## Problem requirements
Retype the lines below exactly, from the one that contains "- 作業+会話:アイランドキッチンでゲストとの距離が程よく、居心地よし" through the last, and leave every picture out.

## Raw data
#####

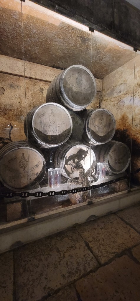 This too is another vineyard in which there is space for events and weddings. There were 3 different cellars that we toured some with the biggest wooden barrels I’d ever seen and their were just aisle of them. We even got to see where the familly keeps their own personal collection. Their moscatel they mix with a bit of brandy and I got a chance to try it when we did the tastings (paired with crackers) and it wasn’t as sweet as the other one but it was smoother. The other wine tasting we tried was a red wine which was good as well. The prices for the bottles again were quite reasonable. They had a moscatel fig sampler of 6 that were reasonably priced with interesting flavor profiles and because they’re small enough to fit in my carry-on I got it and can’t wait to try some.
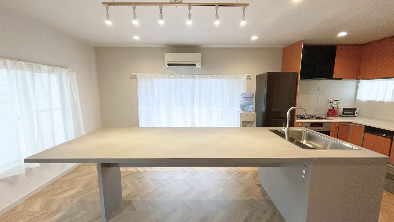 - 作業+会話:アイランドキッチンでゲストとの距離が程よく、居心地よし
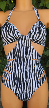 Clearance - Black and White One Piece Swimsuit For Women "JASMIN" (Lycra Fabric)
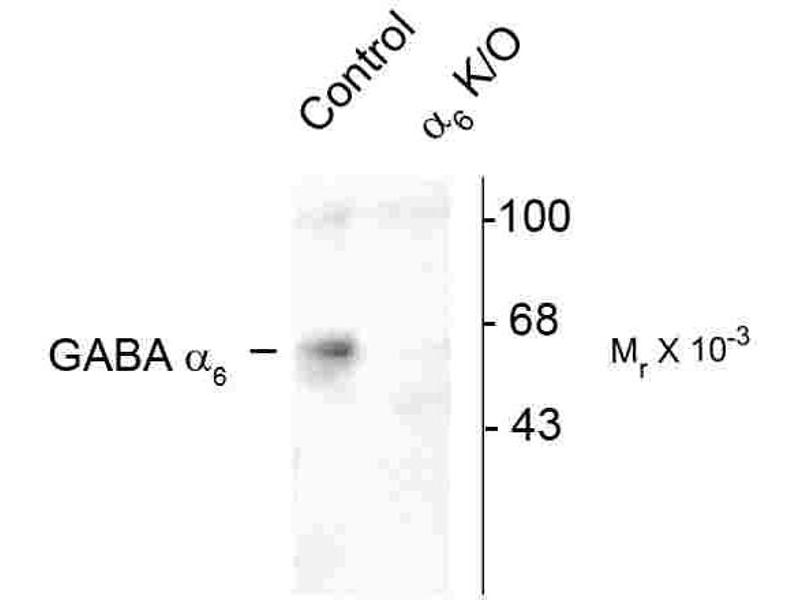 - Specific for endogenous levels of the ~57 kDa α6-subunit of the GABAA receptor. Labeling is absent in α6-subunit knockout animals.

#####

## Solution for this task
 - 作業+会話:アイランドキッチンでゲストとの距離が程よく、居心地よし
 Clearance - Black and White One Piece Swimsuit For Women "JASMIN" (Lycra Fabric)
 - Specific for endogenous levels of the ~57 kDa α6-subunit of the GABAA receptor. Labeling is absent in α6-subunit knockout animals.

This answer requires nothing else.